Age-adjusted incidence rates (and 95% confidence intervals) for 2004, 2005, 2006, and 2007 were 2.6 (2.5 – 2.7), 2.8 (2.7 – 2.9), 2.7 (2.6 – 2.9), and 2.7 (2.6 – 2.8) cases per 100,000, respectively. The overall incidence rates across all four years was 2.7 (2.7 – 2.8) cases per 100,000. Incidence data are presented by age and race in Figure 1a. Main effects were observed for age (incidence rates increasing with age with a possible decline in later life) and race, both p < .0001. Age-adjusted incidence rates (with 95% confidence intervals) for American Indians/Alaskan Natives, Asians/Pacific Islanders, Blacks, and Whites were 1.9 (1.5 – 2.4), 2.3 (2.1 – 2.5), 4.4 (4.2 – 4.7), and 2.5 (2.5 – 2.6) per 100,000, respectively.
Figure 1.
Figure 1a. Incidence rates for pituitary adenomas by age and race, 17 SEER registries, 2004–2007.

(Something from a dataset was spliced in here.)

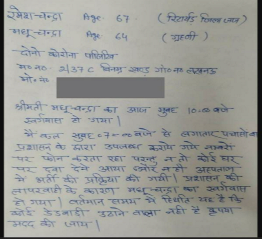 उत्तरप्रदेश के चरमराए स्वास्थ्य व्यवस्था की हकीकत बयां करते हुए रिटायर्ड जज ने एक चिट्ठी लिखी। इस चिट्ठी में लखनऊ के गोमती नगर में रहने वाले रिटायर्ड जज रमेश चंद्रा ने लिखा कि वह और उनकी पत्नी मधु चंद्रा दोनों कोरोना संक्रमित थे। अस्पताल में भर्ती होने को लेकर उन्होंने प्रशासन के अधिकारियों को कई बार फ़ोन किया लेकिन पांच मिनट कहकर तीन दिनों तक कोई भी उनके पास नहीं आया। ना तो दवाई उनके पास पहुंचाई गई और ना ही उन्हें अस्पताल में भर्ती कराया गया।

Figure 1b. Incidence rates for microscopically confirmed pituitary adenomas by age and race, 17 SEER registries, 2004–2007.
Pairwise comparisons were performed on the racial groups: Blacks had significantly higher incidence rates than Asians/Pacific Islanders, American Indians/Alaska Natives, and Whites, all p < .0001. There were no significant differences between American Indians/Alaska Natives and Asians/Pacific Islanders, p = .628, between Whites and American Indians/Alaska Natives, p = .268, or between Whites and Asians/Pacific Islanders, p = .098.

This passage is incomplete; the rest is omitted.